#### [WHAT YOU WILL DO]
Only the lines from the one containing "特許取得の「3Dベース」は、" through the final line below belong in the output, copied exactly and without pictures.

#### [SOURCE MATERIAL]
==============================

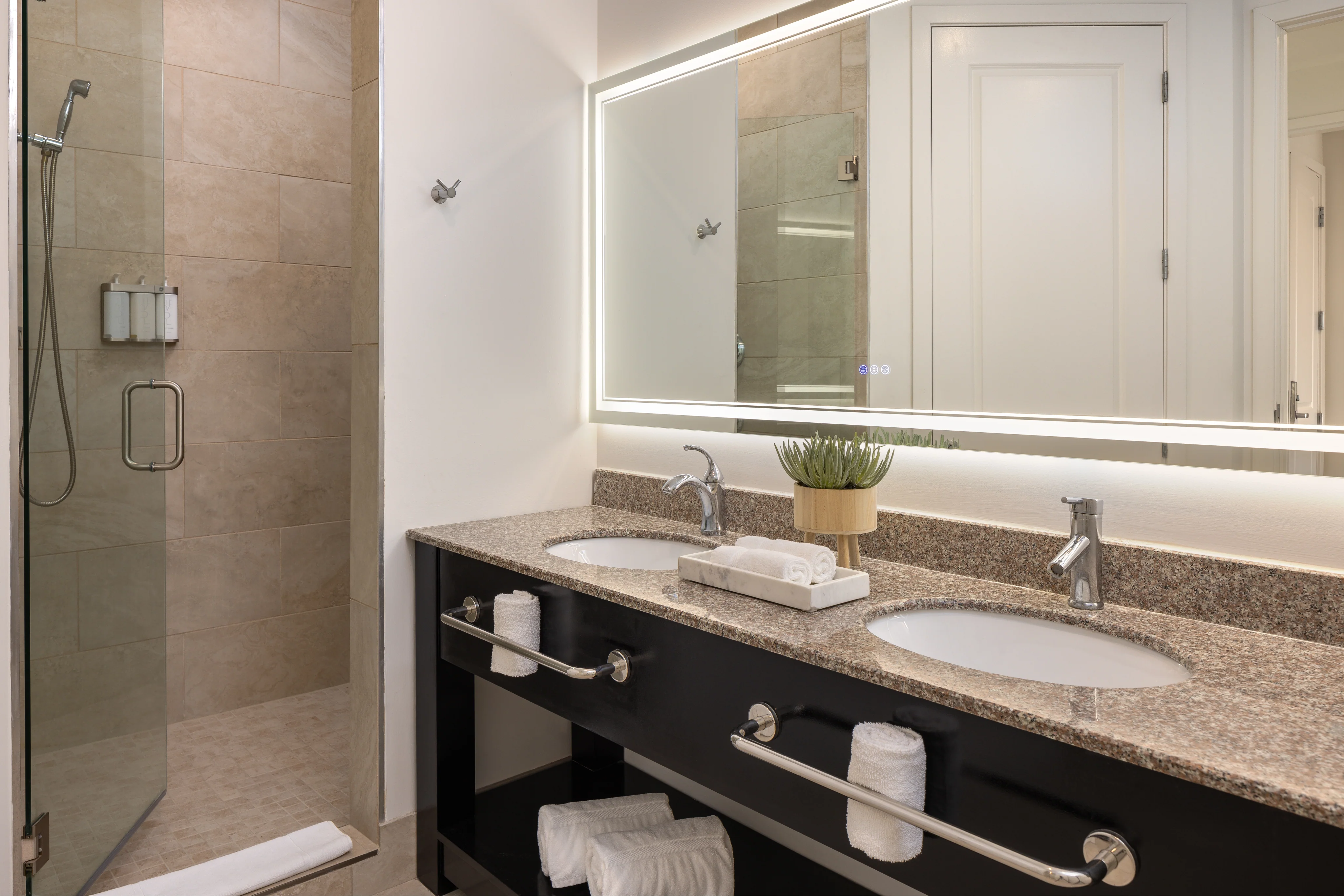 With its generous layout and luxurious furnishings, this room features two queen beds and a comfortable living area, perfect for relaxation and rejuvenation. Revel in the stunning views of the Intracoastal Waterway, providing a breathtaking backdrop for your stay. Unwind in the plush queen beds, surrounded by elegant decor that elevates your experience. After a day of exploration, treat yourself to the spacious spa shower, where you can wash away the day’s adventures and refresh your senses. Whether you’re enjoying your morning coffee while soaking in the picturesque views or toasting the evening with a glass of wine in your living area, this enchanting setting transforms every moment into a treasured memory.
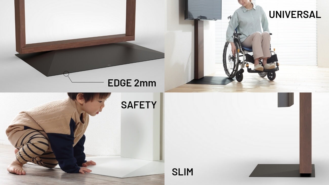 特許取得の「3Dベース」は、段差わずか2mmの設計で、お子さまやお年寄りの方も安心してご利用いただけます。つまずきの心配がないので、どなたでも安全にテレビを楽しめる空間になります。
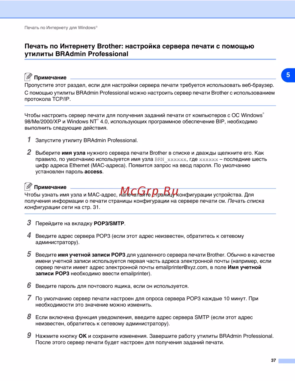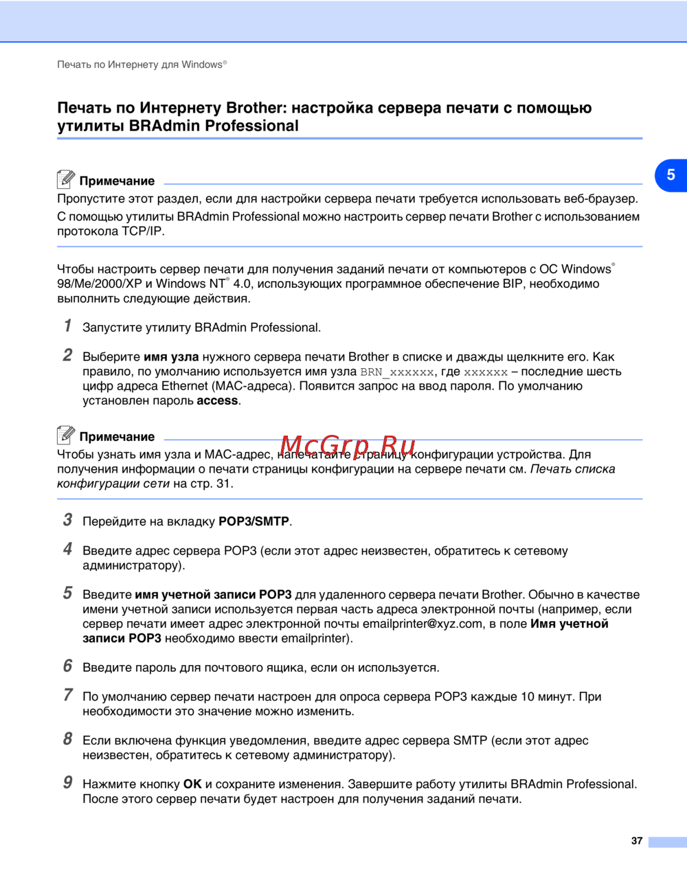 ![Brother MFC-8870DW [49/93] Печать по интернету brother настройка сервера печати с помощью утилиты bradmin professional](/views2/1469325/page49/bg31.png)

==============================

#### [ANSWER]
 特許取得の「3Dベース」は、段差わずか2mmの設計で、お子さまやお年寄りの方も安心してご利用いただけます。つまずきの心配がないので、どなたでも安全にテレビを楽しめる空間になります。
 ![Brother MFC-8870DW [49/93] Печать по интернету brother настройка сервера печати с помощью утилиты bradmin professional](/views2/1469325/page49/bg31.png)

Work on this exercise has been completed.